> Given material

=== Begin Enclosure ===

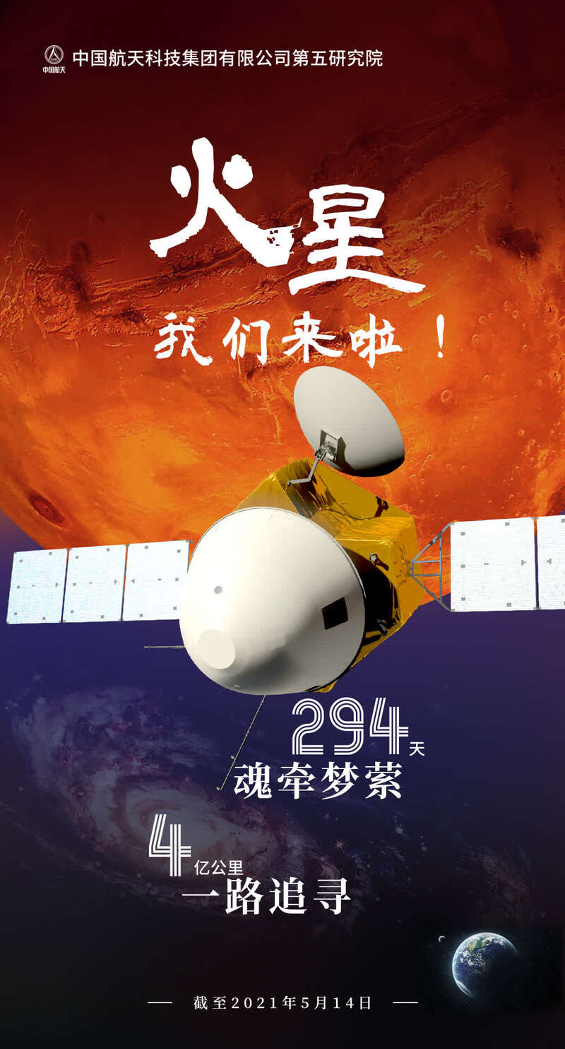 如同⼈类⽣命的孕育过程⼀样,从胚胎到⽠熟蒂落,⼤约40周的时间,需要经历⼤脑、神经、⼼肺、⻣骼等各种关键器官的发育,需要经历各种⻛险挑战,更需要爸爸妈妈的精⼼呵护;我的奔⽕旅程恰好 40余周,期间经历了四次中途修正、⼀次深空机动、两次状态⾃检、⽕星捕获、⼀次轨道⾯调整和两次近⽕制动,每⼀次动作都是⼀次巨⼤的⻛险考验,还好有航天科技集团五院的家⼈们全⼒守护,保我⼀路平安,让我的每⼀次动作,每⼀段进展,都信⼼满满,精彩纷呈。
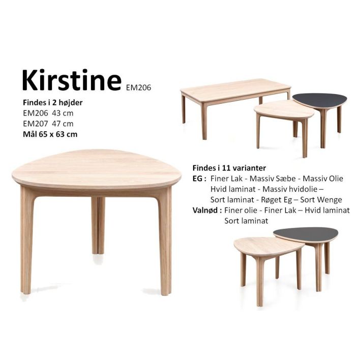 Flot nyt bord dansk produceret. Findes i 2 højder (43 - 47 cm ) så man kan sætte dem i sæt . Fantastisk Finish på træet. Findes i Eg og Valnød i mange behandlinger samt med overdel i Laminat i enten hvid eller nano sort : Mål 65 x 63
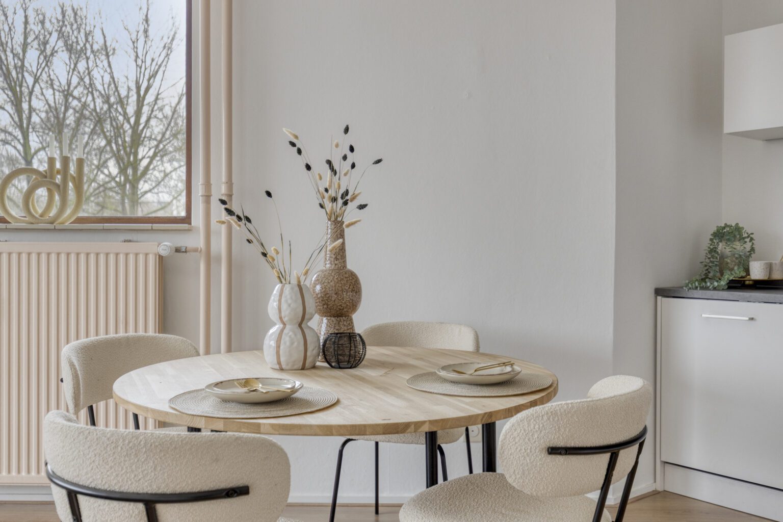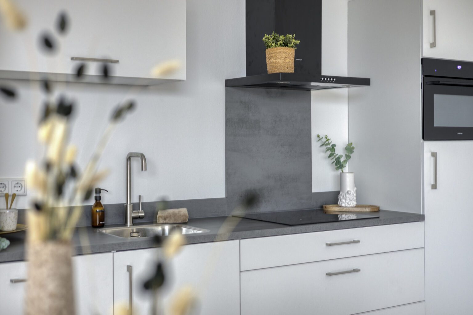 De nieuwe keuken loopt naadloos over in het eetgedeelte, wat zorgt voor een open en levendige leefruimte. De keuken is tijdloos ontworpen en uitgerust met luxe apparatuur, waaronder een vaatwasser, inductiekookplaat, afzuigkap, koelkast en oven/magnetron. Dankzij de royale werkbladen kook je hier met gemak en bereid je binnen de kortste keren een heerlijke maaltijd.
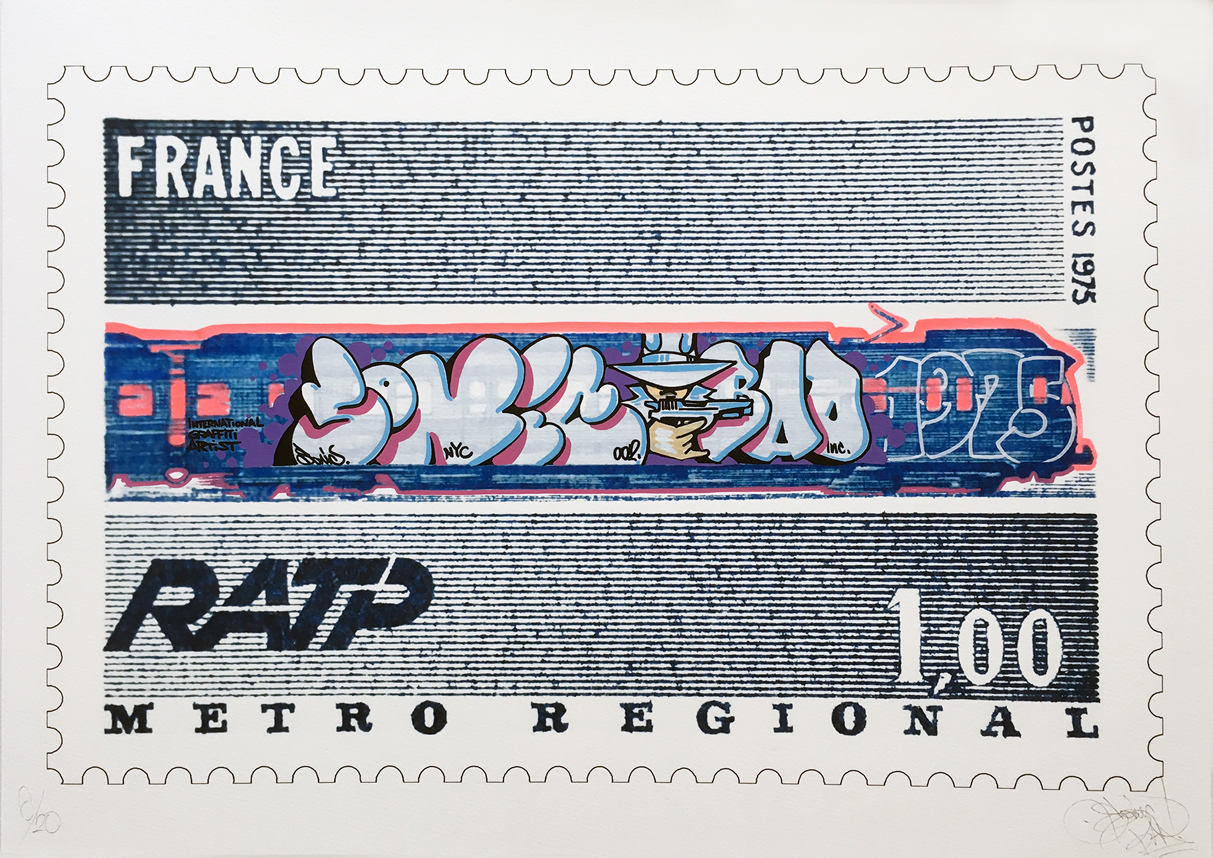 Retour aux sources pour Sonic qui aimait peindre sur des trains, désormais imprimés sur un timbre agrandi.

=== End Enclosure ===

> Directions
Each line from the first line of the listing above through the line containing "Flot nyt bord" is to be written out exactly, and the pictures are to be left out.

> Worked solution
 如同⼈类⽣命的孕育过程⼀样,从胚胎到⽠熟蒂落,⼤约40周的时间,需要经历⼤脑、神经、⼼肺、⻣骼等各种关键器官的发育,需要经历各种⻛险挑战,更需要爸爸妈妈的精⼼呵护;我的奔⽕旅程恰好 40余周,期间经历了四次中途修正、⼀次深空机动、两次状态⾃检、⽕星捕获、⼀次轨道⾯调整和两次近⽕制动,每⼀次动作都是⼀次巨⼤的⻛险考验,还好有航天科技集团五院的家⼈们全⼒守护,保我⼀路平安,让我的每⼀次动作,每⼀段进展,都信⼼满满,精彩纷呈。
 Flot nyt bord dansk produceret. Findes i 2 højder (43 - 47 cm ) så man kan sætte dem i sæt . Fantastisk Finish på træet. Findes i Eg og Valnød i mange behandlinger samt med overdel i Laminat i enten hvid eller nano sort : Mål 65 x 63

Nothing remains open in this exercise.